Сидоренко покорно подставил свою руку, несколько раз с усилием сжал ладонь, ощущая непривычную силу мышц.

Через несколько минут, показавшихся ему вечностью, Павел Яковлевич осторожно поднял к своим глазам кисть руки. Рука действительно была крепкой и большой, и черные волоски покрывали ее до самого запястья.

– Что это? – В голосе его уже не было той паники, которую он испытал сразу после пробуждения. – Что со мной, доктор? Я сошел с ума?

– Нет, конечно, и вы сами это понимаете. Просто вам некоторое время придется побыть в чужом теле. При этом с вашим, надеюсь, ничего не случится. А все остальное вам объяснят позже. А пока вам нужно позавтракать… садитесь, пожалуйста, повыше, я принесу вам кофе и бутерброды. Вы пьете кофе? Что вы вообще предпочитаете на завтрак?

– Овсянку, – как-то обреченно произнес Сидоренко голосом Пересветова.

Василиса Ивановна невольно улыбнулась, представив, как ее муж в это время ест ненавистную ему овсянку, стараясь сохранить при этом спокойное выражение лица.

– Овсянки у нас, к сожалению, нет, но парочку бутербродов и хороший крепкий кофе я вам гарантирую.

Она вышла из комнаты, предварительно щелкнув каким-то тумблером. Сидоренко, тем временем, сел и свесил ноги вниз. Они непривычно сразу коснулись прохладного пола. Да и сам пол оказался как-то сразу под ногами, Павел Яковлевич постарался встать, но голова у него внезапно закружилась, заставив его опять сесть, а потом и прилечь. Маленькая подушка никак не предполагала положение «сесть повыше», поэтому он просто повернулся набок, чтобы заставить потолок перестать кружиться у него над головой. Чувство самосохранения было у него развито чрезвычайно, и Павел Яковлевич понимал, что ему сейчас, в эти минуты, нельзя думать ни о невероятном перемещении не только в пространстве, но и в чье-то чужое тело. Сознание подсказывало ему, что сейчас нужно думать о вещах простых и понятных даже сумасшедшему. «Но я же не сумасшедший! Я не сумасшедший!» – в ту же минуту откликнулось сознание. И паника, заслонив от него все предыдущие рассуждения, заставила мужчину покрыться испариной. «Господи! Помоги!» – непривычно воззвал он к редко вспоминаемому им Богу. И спасительная мысль пришла почти сразу. Он уже знал о том, что однажды был создан аппарат, с помощью которого можно было на несколько минут проникнуть в чужое сознание и даже господствовать над ним. Он знал, что такой аппарат был создан, но при попытке завладеть им он был уничтожен своими создателями, а сами изобретатели погибли.
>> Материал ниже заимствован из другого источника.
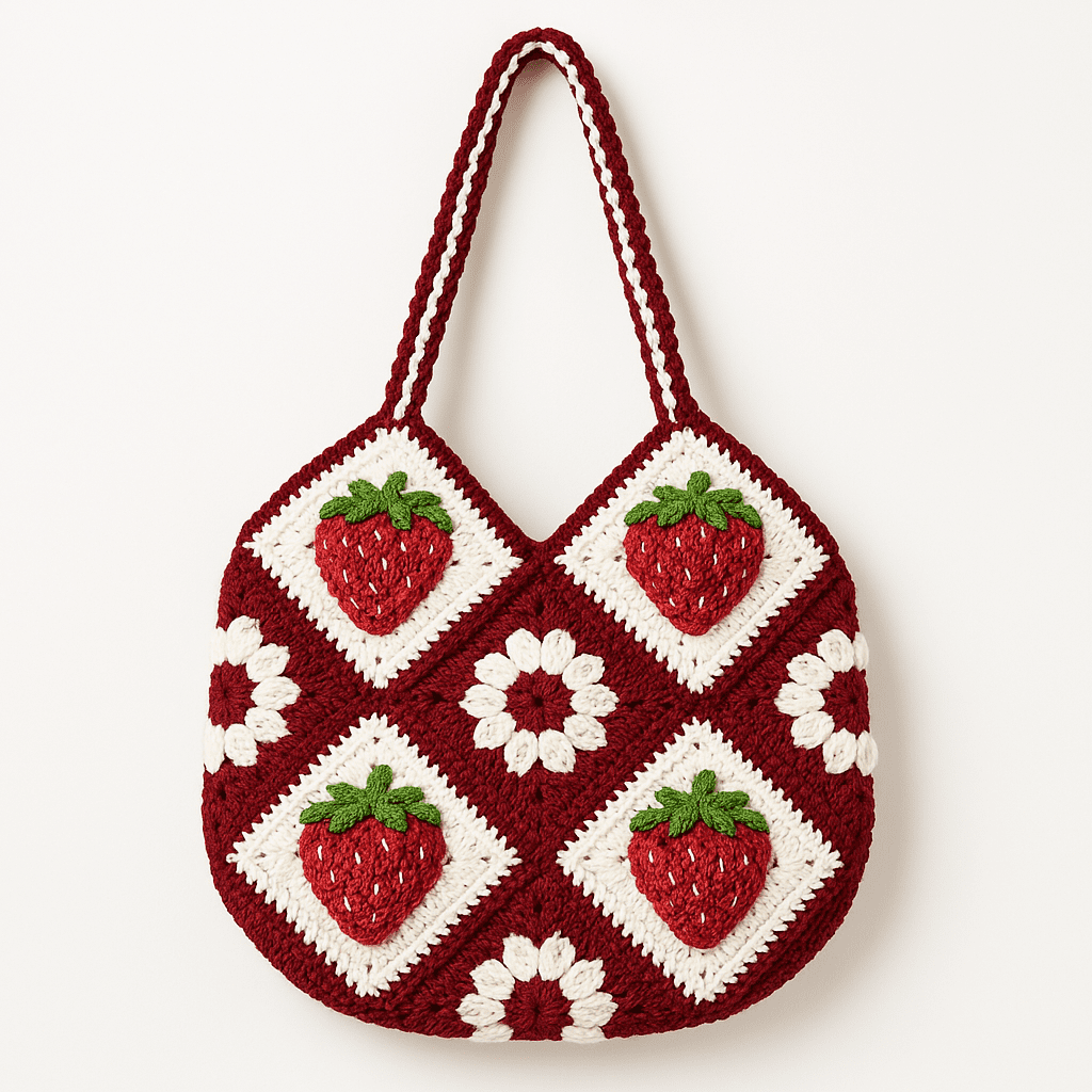 Laissez parler votre style avec le sac « Capucine », une création pleine de charme et de fantaisie. Réalisé à la main en crochet, ce sac aux teintes rouge et beige s’orne de délicates fraises et de jolies fleurs, pour une touche gourmande et poétique.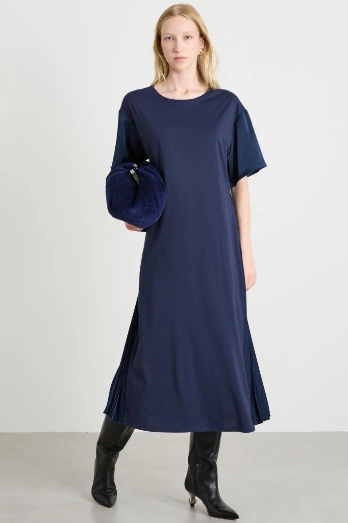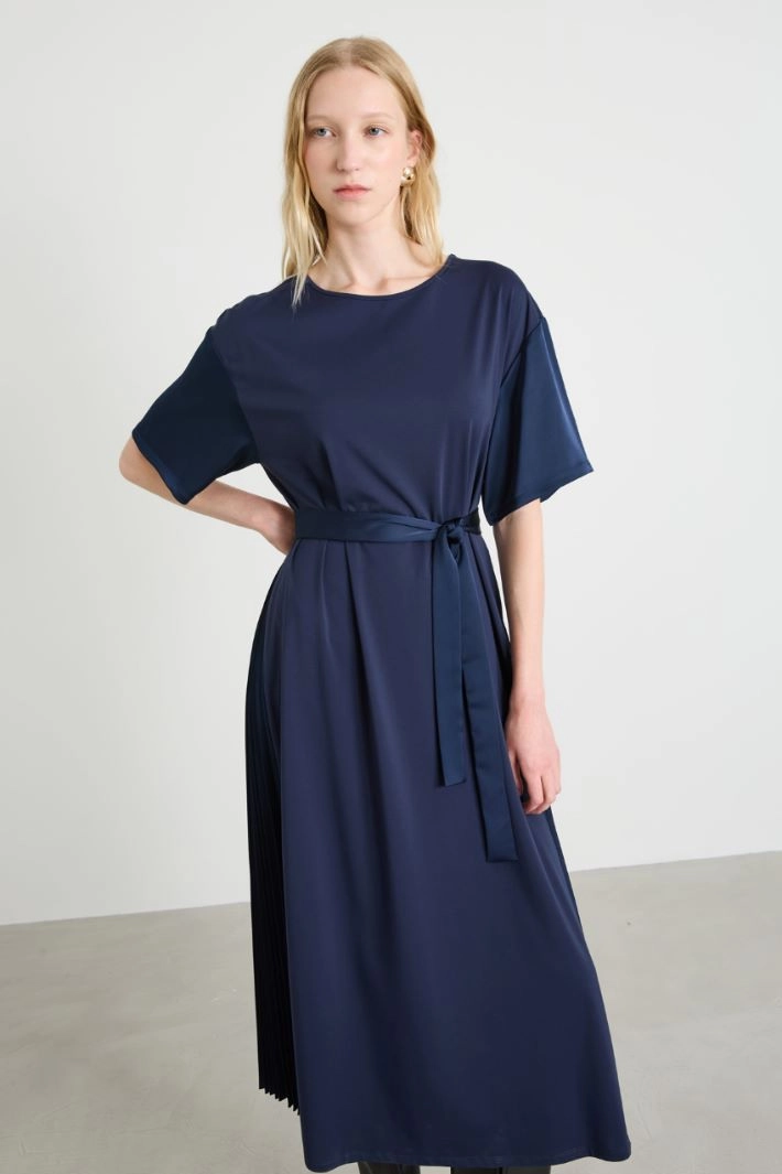 Flared dress in a jersey blend of natural fibers and stretch viscose, with pleated satin inserts on the sides and smooth satin sleeves. Model with round neckline and short sleeves. Matching sash.

Он знал, что это была самая бездарная операция его зарубежных патронов. Они бы сейчас локти себе кусали, если бы знали, что под личиной их эмиссара с сегодняшнего дня действуют самые яростные и стойкие их противники. И почему-то эта мысль доставила Сидоренко радостное удовлетворение. Он представил на миг самодовольное лицо Долтона, который будет давать очередное задание тому, кто это самое задание выполнит в точности до наоборот, причем сам Долтон этого даже не заметит. А вот ко второму аппарату пробовал подбираться и он сам, но кто-то опередил Павла Яковлевича, и его человек не так давно обнаружил, что вместо настоящего нейропульсара они караулят давно забракованный экземпляр. Практически, муляж.

Ну что ж, теперь, по крайней мере, ясно, что он не сошел с ума, а просто, – хотя какое там «просто»! – находится в этом красивом и тренированном теле. И это служило прямым доказательством того, что работы по созданию аппарата перемещения личностного сознания все-таки были закончены, а его изобретатели или остались живы, или оставили после себя толковых учеников.

– А вот и наш завтрак. – Василиса Ивановна внесла поднос, на котором стояло блюдо с горкой аппетитных бутербродов и с кофейником, из носика которого струился аромат кофе.

Сидоренко опять попробовал сесть, и на этот раз, с помощью Василисы Ивановны, ему это удалось. Бутерброды он съел с удивившим его самого аппетитом, а кофе, который он позволял себе пить только вечером на службе, когда усталость заставляла веки то и дело смежаться, сейчас пил с удовольствием. Да и надо сказать, такой удивительный кофе ему до сих пор пить не приходилось.

Постепенно Павел Яковлевич начинал приходить в себя, если это вообще возможно – прийти в себя, находясь в чужом теле. Завтрак заметно взбодрил его, потом он обвел взглядом помещение, рассчитывая увидеть дверь в туалет.

Василиса Ивановна догадалась о его молчаливой просьбе и протянула руку в сторону узкой белой двери в углу.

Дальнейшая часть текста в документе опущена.